Who here’s ever had matzo-ball soup? I mean real matzo ball soup – with matzo balls made with chicken schmaltz. You’d know it if you had. There’s nothing more lip-smacking and soul affirming.
Trouble is the schmaltz. That’s chicken fat to you, pal. It’s not something I know how to make or where to buy, or even if I could stomach having it in my house (much less squished between my fingers.) You want to know how you make homemade chicken schmaltz? Really? Seriously?
You so don’t. But for those of you with a penchant for the grotesque, I offer you this.

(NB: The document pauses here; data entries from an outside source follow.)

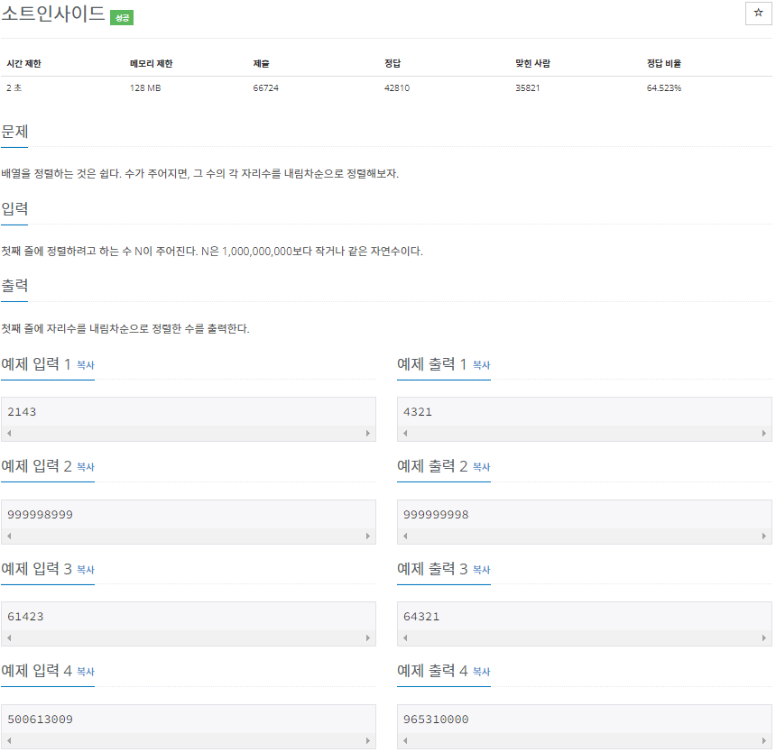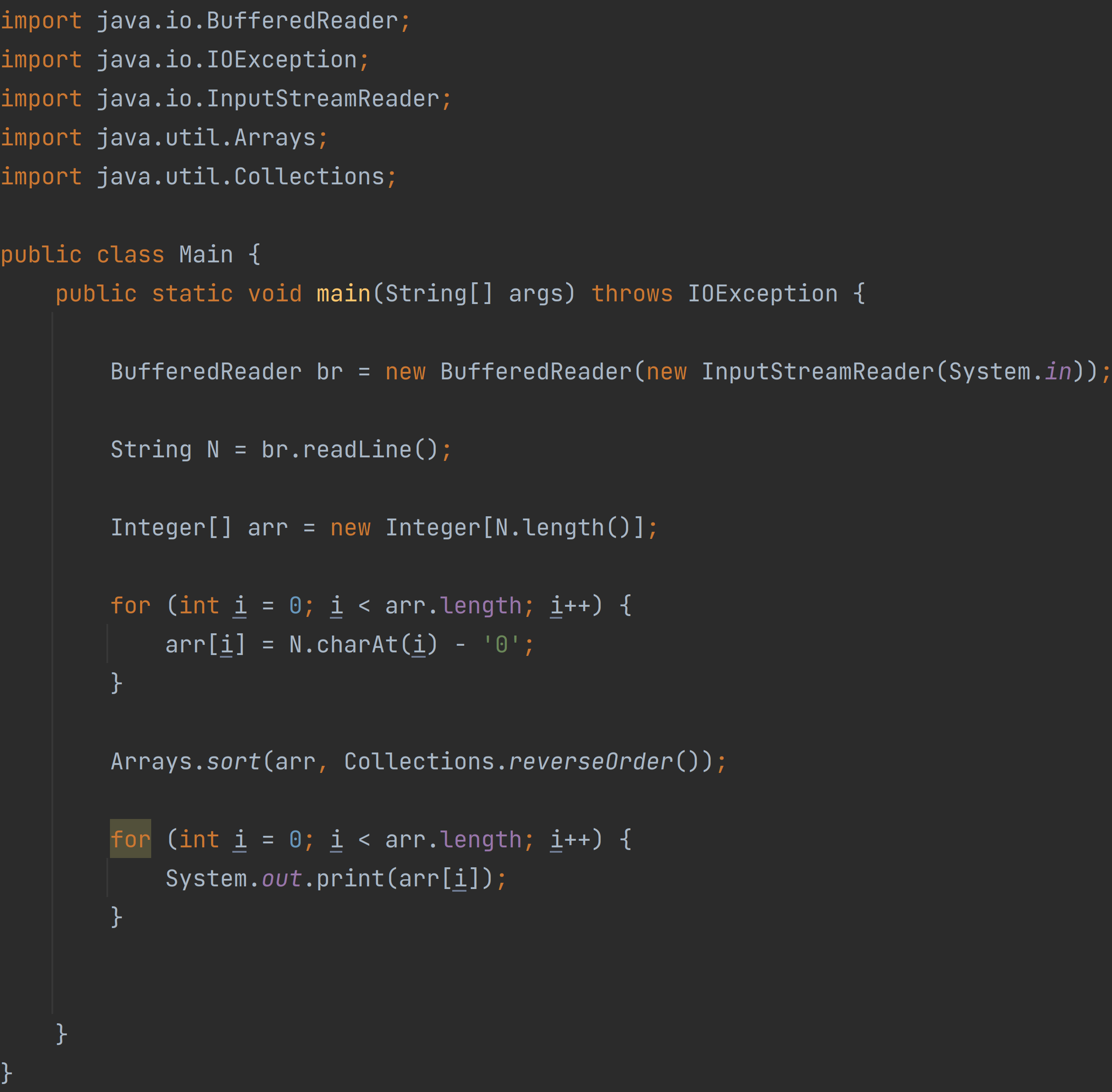 ์ฒซ์งธ ์ค์ ์ ๋ ฌํ๋ ค๊ณ ํ๋ ์ N์ด ์ฃผ์ด์ง๋ค. N์ 1,000,000,000๋ณด๋ค ์๊ฑฐ๋ ๊ฐ์ ์์ฐ์์ด๋ค.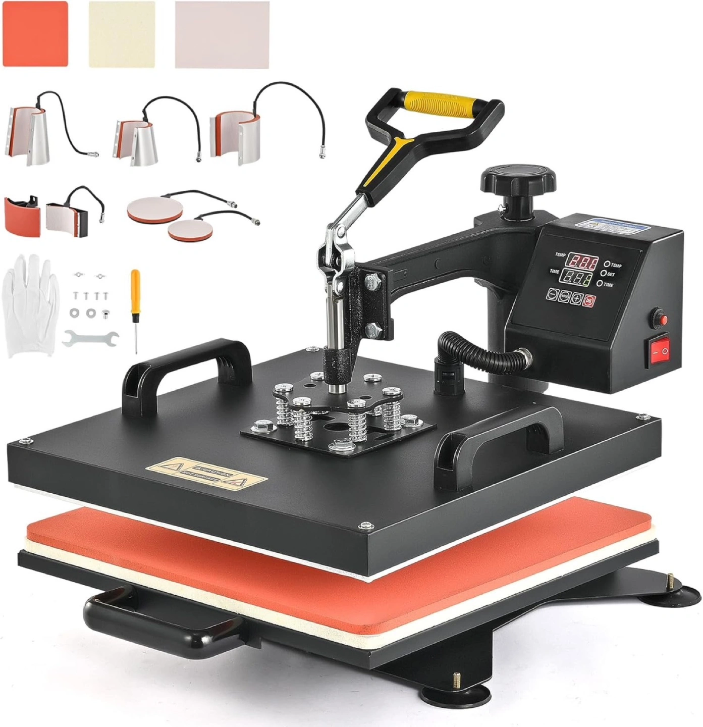 8-in-1 heat press machine. Includes attachments for t-shirts, hats, plates, and mugs. 15x15 inch platen. Great for customizing apparel and other items. Includes Teflon sheet and other accessories.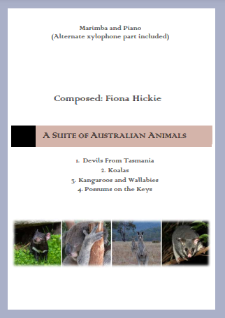 A musical suite for marimba (or xylophone) and piano representing 4 well known Australian animals. Included is a score, marimba and xylophone part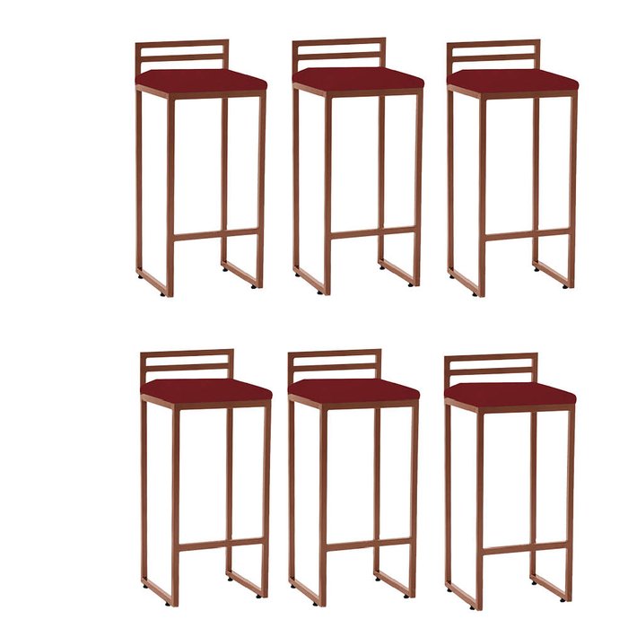 Kit 06 Banqueta Alta Com Encosto Petra Balcão Bar Cozinha Bistrô Ferro Bronze Sintético Vermelho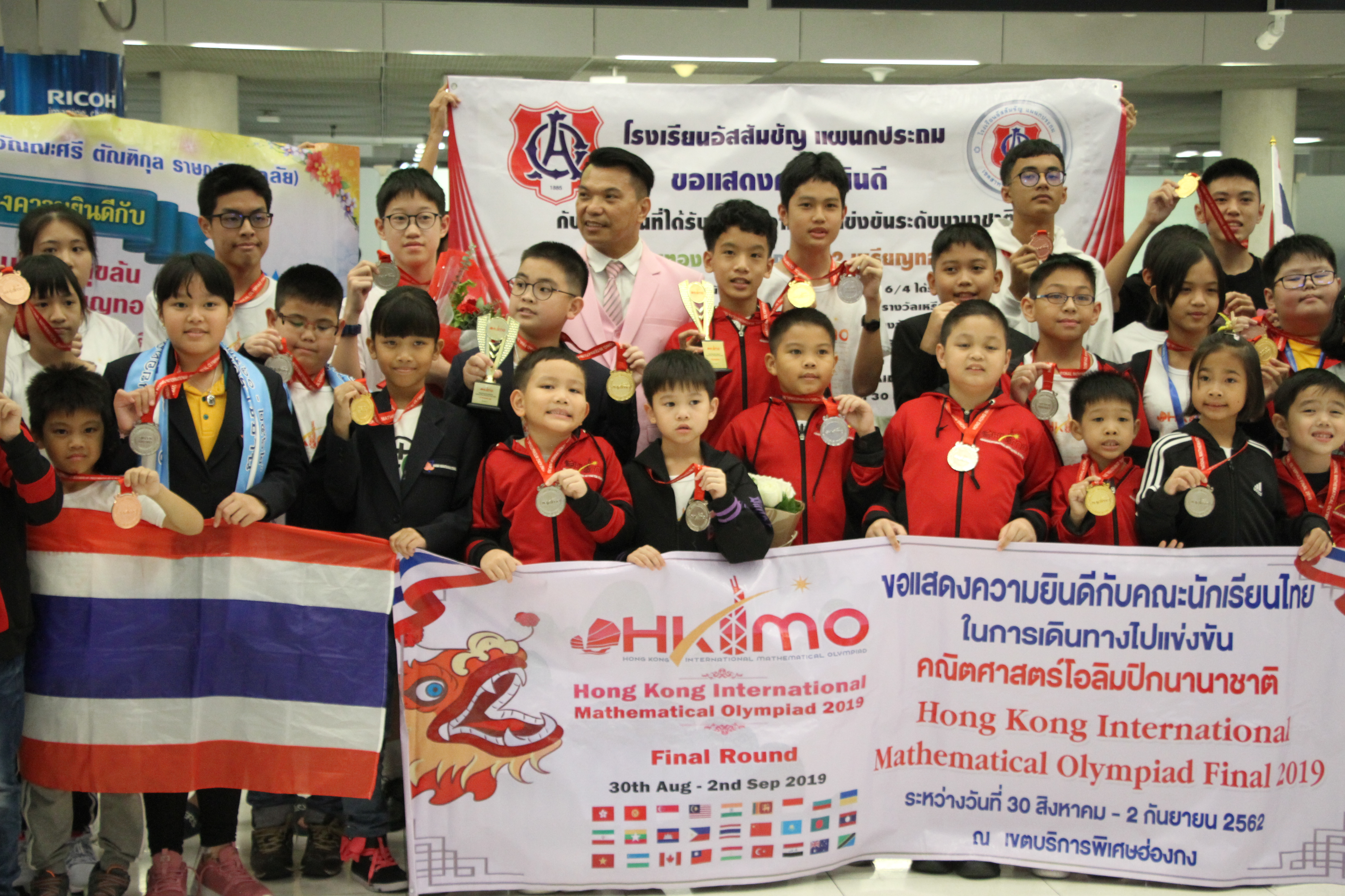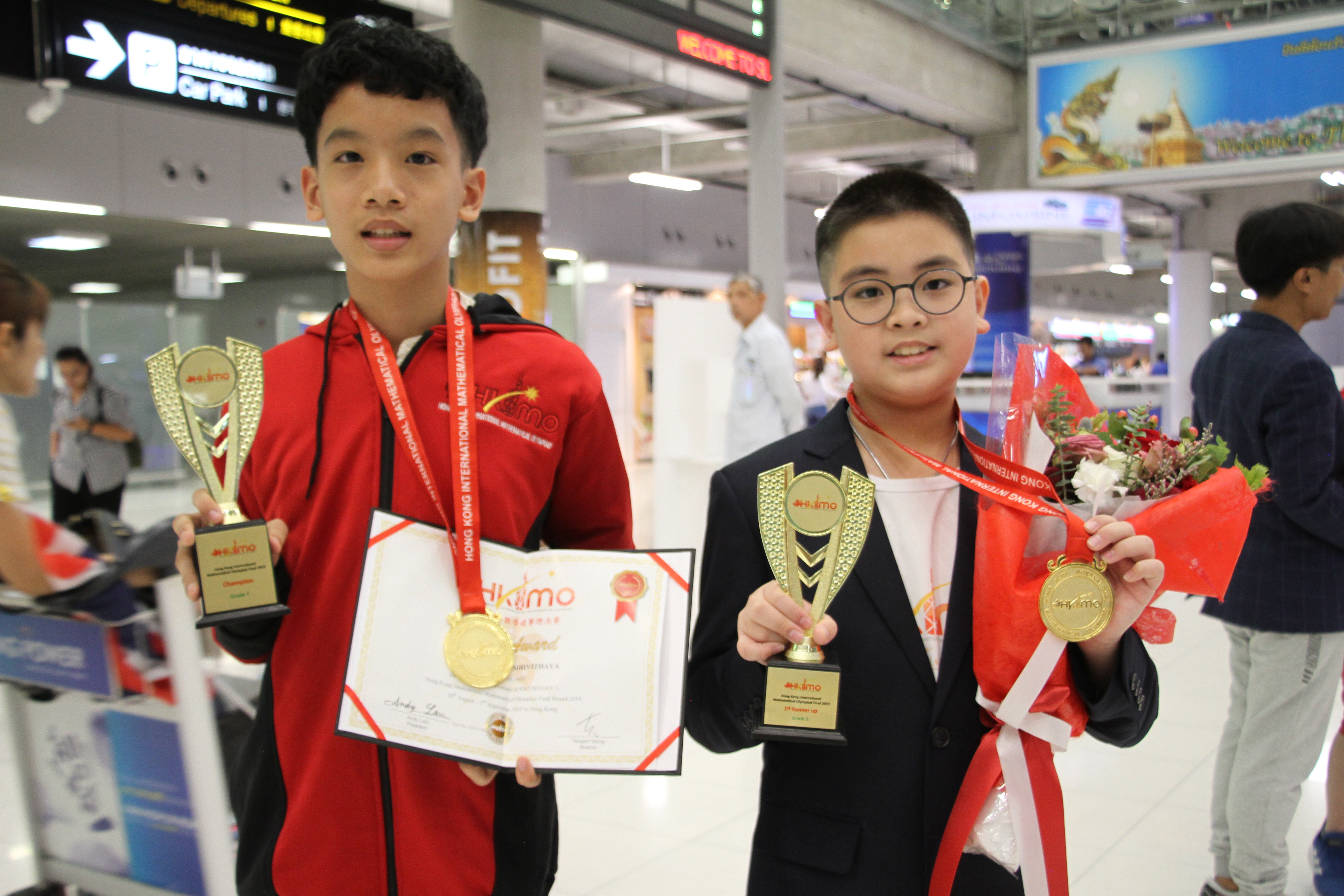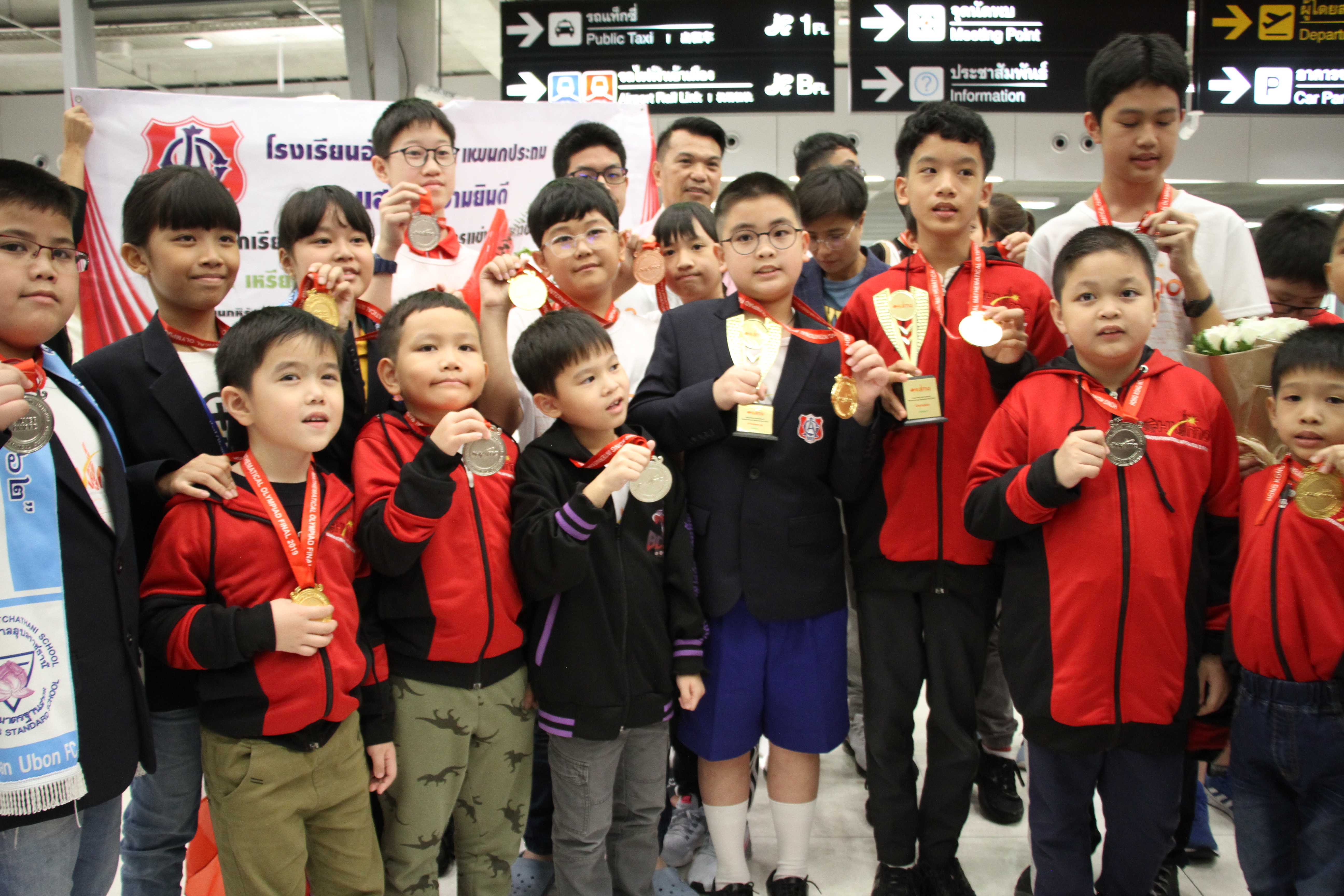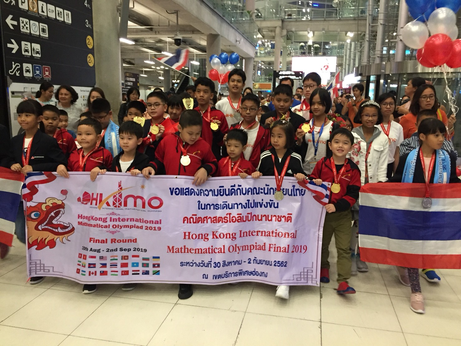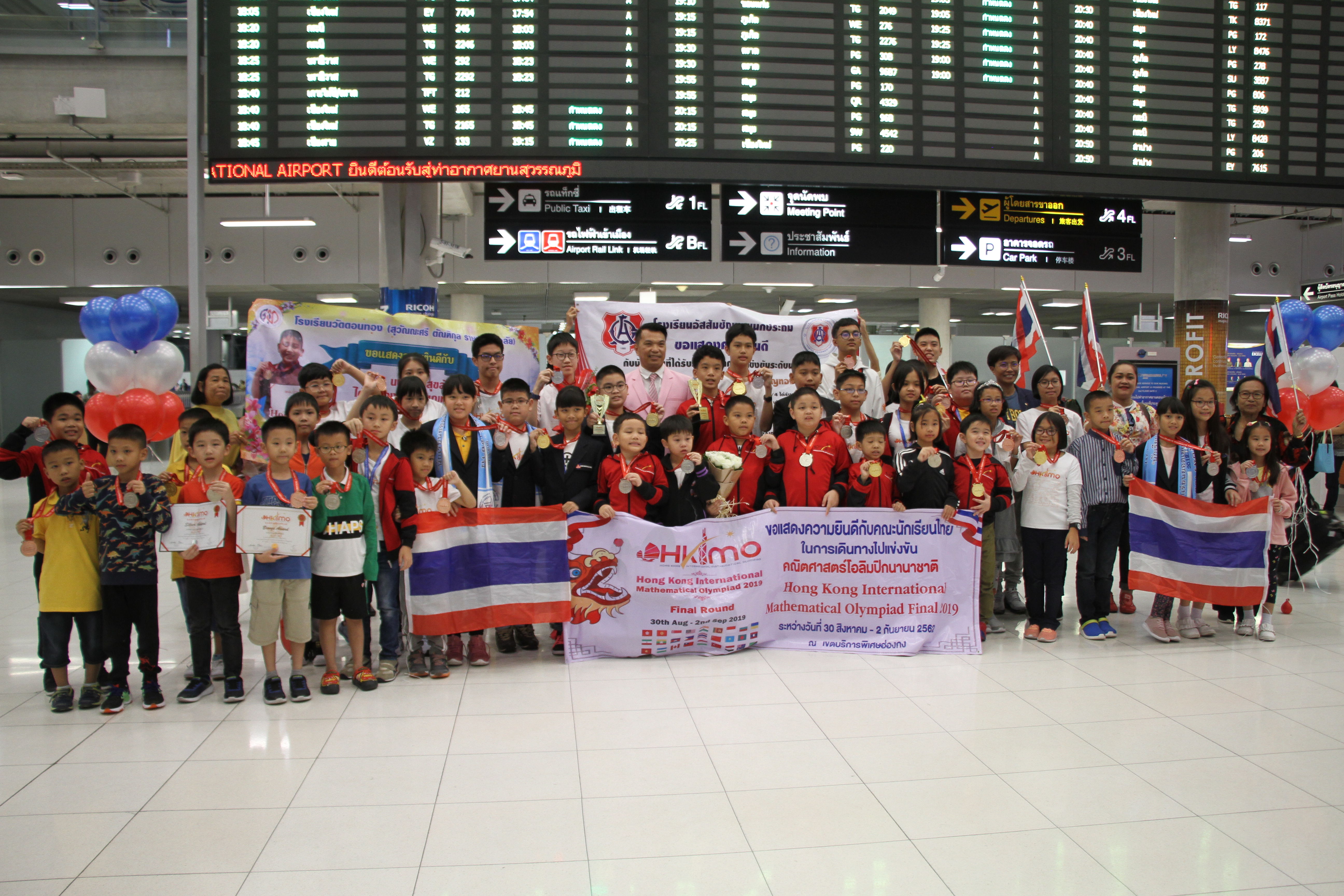***** เมื่อวันที่ 2 กันยายน 2562 เวลา 18.30น.ที่สนามบินสุวรรณภูมิ อ.บางพลี จ.สมุทรปราการ Mr. Robert Fordan เลขาธิการของ Olympiad Champion Education Center (OCEC) พร้อมคณะนักเรียน เดินทางกลับถึงประเทศไทยเที่ยวบินที่ TG629 เครื่องลงเวลา 17.30 น. หลังจากเดินทางไปร่วมการแข่งขันคณิตศาสตร์นานาชาติ ในรายการ Hongkong International Mathematics Olympiad (HKIMO) 2019 Final Round ที่เขตบริหารพิเศษฮ่องกง สาธารณรัฐประชาชนจีน ระหว่างวันที่ 30 สิงหาคม – 2 กันยายน 2562 โดยมี ผู้ปกครองและครู รอรับและร่วมแสดงความยินดี

Nope. We here in the BHC household embrace the processed when it comes to matzo ball soup. We’ll be eating a lot of Streit’s and Manischewitz products here for the next week, and employing other creative solutions. Starting tonight.
Chag Sameach, y’all.
{ 2 comments… read them below or add one }
I’ve made schmaltz before. You know that fatty, nasty skin you pull off before cooking chicken? Do it right, you get gribenes. (cracklins for those who don’t know). I put that skin in the freezer for later. If you’ve got enough fatty skin, you can end up with schmaltz for knaidlach AND chopped liver. Chopped liver rises to new heights with bits of gribenes.
I don’t think I’ve had matzo ball soup using schmaltz before. Usually when my mom makes it, it’s using a mix, like you!